The BHP Group Ltd (ASX: BHP) share price is having a very poor start to the week.
In morning trade, the mining giant's shares have dropped 6% to $45.52.
This appears to have been driven by weakness across a range of commodity prices following weak data out of China.
Is the BHP share price weakness a buying opportunity?
One leading broker that is likely to see the weakness in the BHP share price as a buying opportunity is Morgans.

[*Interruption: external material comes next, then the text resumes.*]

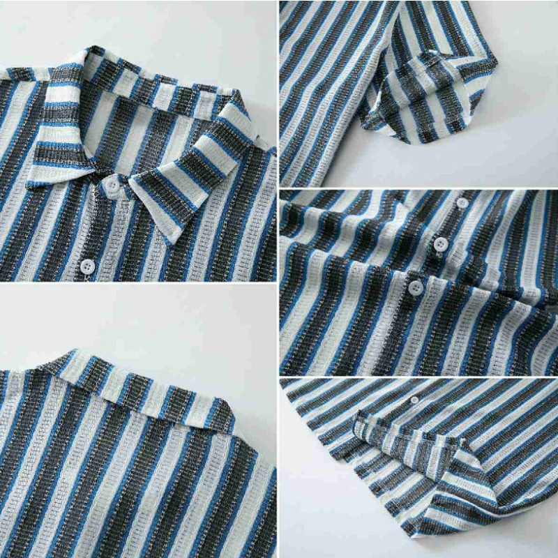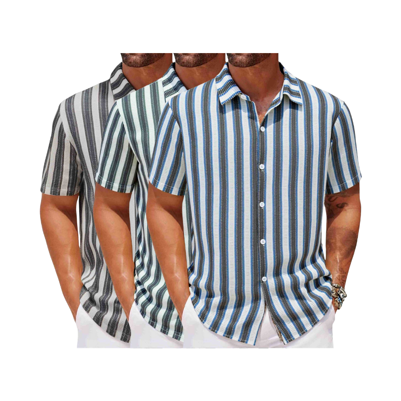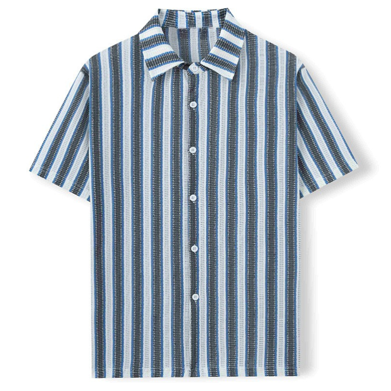 Men's Casual Lightweight Cotton Shirt Short Sleeve Embroidered Button Loose Fit Knitted Blank with Striped Design

Late last week the broker retained its add rating and lifted its price target on the Big Australian's shares to $54.30.
Based on the current BHP share price, this implies potential upside of 19% for investors. And that's before the big dividends the broker is forecasting in the coming years.
For example, in FY 2022 and FY 2023, Morgans has pencilled in yields of 8.5% and 6.5%, respectively.
What did the broker say?
While Morgans wasn't overly impressed with BHP's quarterly update, it saw enough to remain bullish.
The broker said: "Nearly two years into the pandemic, but this was undoubtedly the worst COVID quarter for BHP. WAIO and Nickel West were impacted by WA's first COVID wave, while the already struggling Escondida workforce was hit by Omicron. While not immune to COVID and inflationary pressures, BHP's position as the lowest cost iron ore miner positions its flagship WAIO business to sustain its earnings strength (also helped by the lack of development activity in the Pilbara)."
"We have updated our forecasts for guidance changes and the 3Q22 result, and rolled our model forward. We have also lifted the lump proportion in sales and slightly trimmed inflation assumptions on WAIO unit costs to keep within guidance."